Mechanical systems do not tend to advance as rapidly as electrical controls and networking, especially in the past several decades. Every once in a while, a new material or fabrication process opens the door to new innovations, but most mechanical power transmission systems and machines have remained largely the same for many generations.
In looking at mechanical drive components, one of the most exciting and intriguing is the gear. Most of them are not, by themselves, very complex, but when assembled into compounded gear trains with changes in size, speed, and angle, the results can lead to some amazing technology. Here are some of the fundamental concepts of gear drive applications and the various designs that allow geared motion.
Application of Gears
Since they are a power transmission system, we find gears used mainly when rugged, fixed shafts must be driven at a relatively close distance to the motor. They also work well when speed is highly dynamic, as compared to many rubber belts, which work well at high speeds only.
Transmissions, of course, are one of our most familiar examples of geared control, although we rarely get a glimpse inside a vehicle transmission.
Figure 1. A fairly simple 6-speed transmission with additional reverse. The shift fork engages only one spur gear pair at a time.
Gearboxes on motors can slow down motor rotation while increasing the torque tremendously, and many companies specialize in motor-compatible gear products.
Some gearboxes appear to simply extend the shaft (same concentric axle as the motor) but contain an internal ‘planetary’ arrangement that increases output torque in a small space.
Types of Gears
Rather than provide a bullet list of the hundreds of subtle variations by name, we will examine the end objective of gear drives and discuss which devices have been developed to meet each need.
The most common type of gear train includes parallel shafts, where the motion input rotates around one axis, and the output is a short distance away, or even along the same axis, but is disconnected from the input.
This disconnect from input to output can provide advantages of higher speed or output torque, but it’s important to remember that gears can never increase power, no matter the efficiency. You can get higher speed or higher torque, but not both.

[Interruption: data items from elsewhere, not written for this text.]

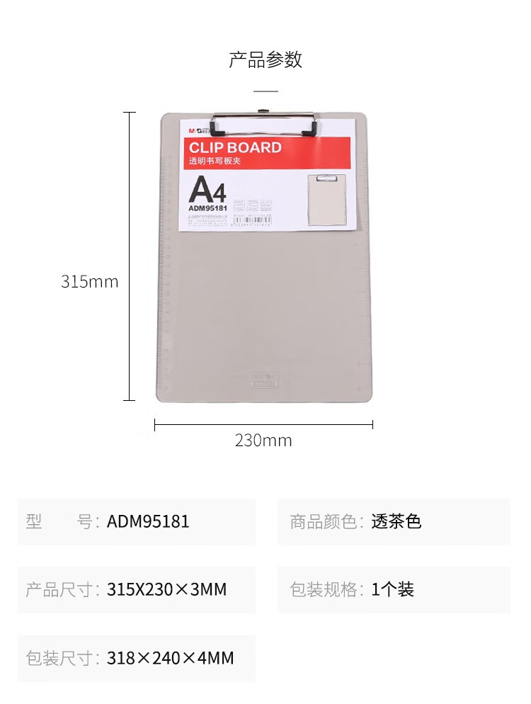 商品名称:【精选】晨光(M&G) ADM95181 A4 板夹 (计价单位:个) 透明茶
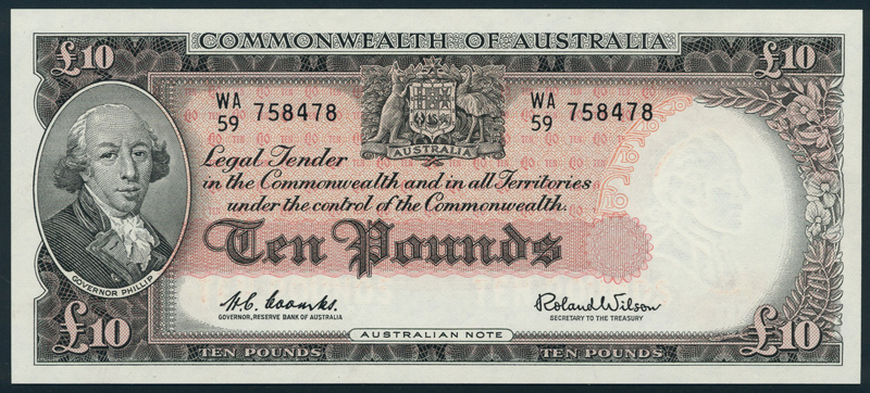 Commonwealth of Australia, £10, ND (1960-1965), serial number WA/59 758478, black and pink, Governor Philip at left, arms top centre, Coombs Wilson signatures, reverse red, maiden (Science) at right
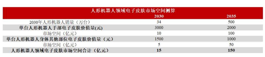 预计2035年,人形机器人领域电子皮肤市场空间有望达150亿元。根据高工机器人产业研究所对2030和2035年人形机器人销量预测,假设2030年、2035年手部电子皮肤价值量为3000元、2000元;由于身体其他部位所需的传感器数量较少,价值量为手部的50%,则为1500元、1000元,预计2035年,人形机器人领域电子皮肤市场空间有望达150亿元。
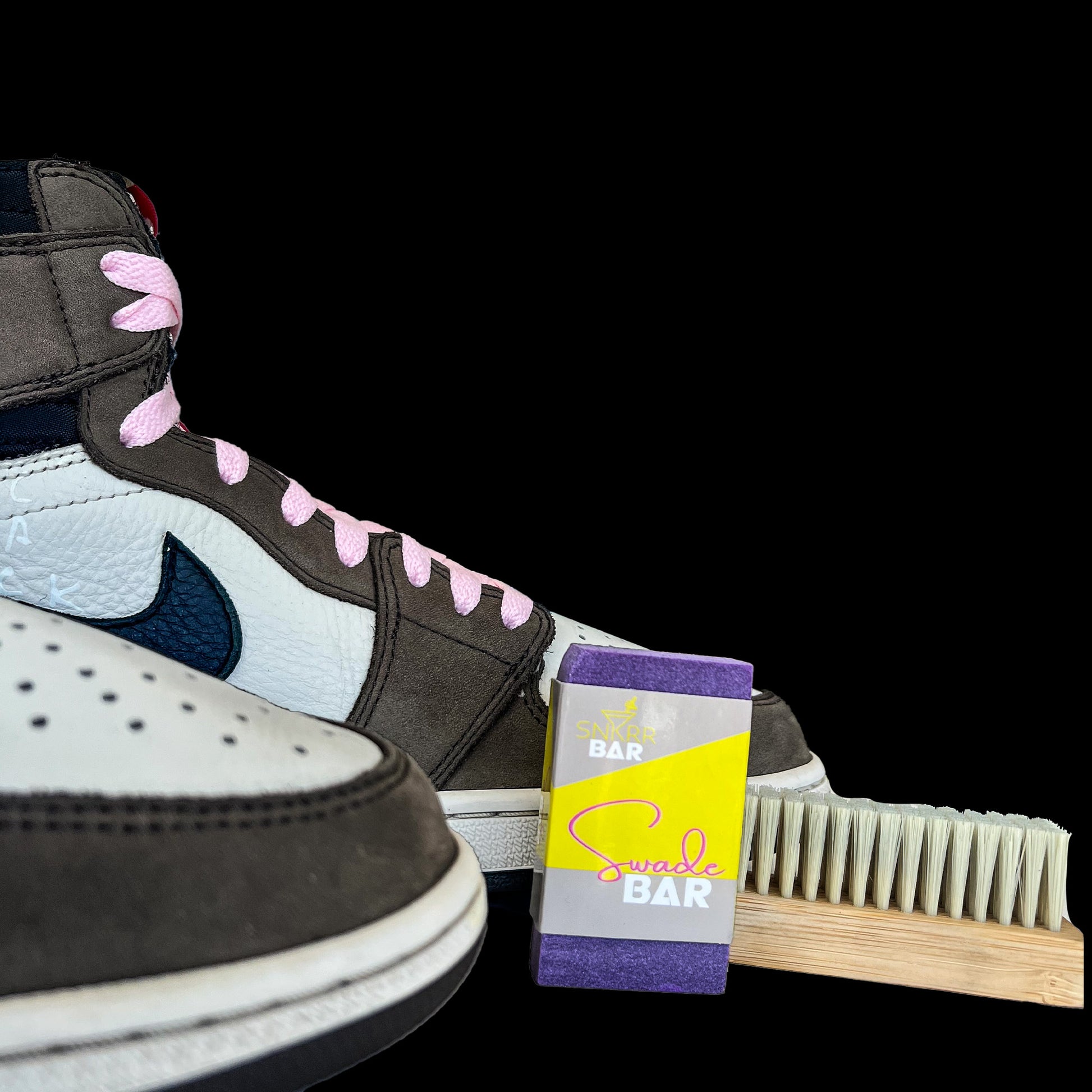 No water. No mess. The Swade Bar & Brush Kit is your go-to for dry-cleaning suede and nubuck sneakers. The eraser bar lifts surface grime while the bristle brush resets the nap for a like-new look.

Gears are really cool, but they are not magical.
There are several common types of gears in this category.
The spur gear is perhaps the most common of this subset. Straight teeth cut across a blank disk mesh with similarly-sized teeth on a mated gear. The disks do not need to be the same size (radius, diameter, or thickness), but the teeth do, otherwise, they will bind quickly and fail to spin.
Figure 2. A big old spur gear. I’m sure there are bigger ones out there, but this is the biggest one I’ve ever owned.
This is a great, simple system, but one disadvantage appears when closely examined, the faces of each pair of teeth are not in constant contact. That means that while spinning, there is a small gap before each new set of teeth engages, resulting in noise, loss of energy, and, if stopped, an ability for the output gear to move slightly while the input stays firmly fixed. Multiply this small angle change by a train comprised of ten gears, and the ‘slop’ in the output may be very severe.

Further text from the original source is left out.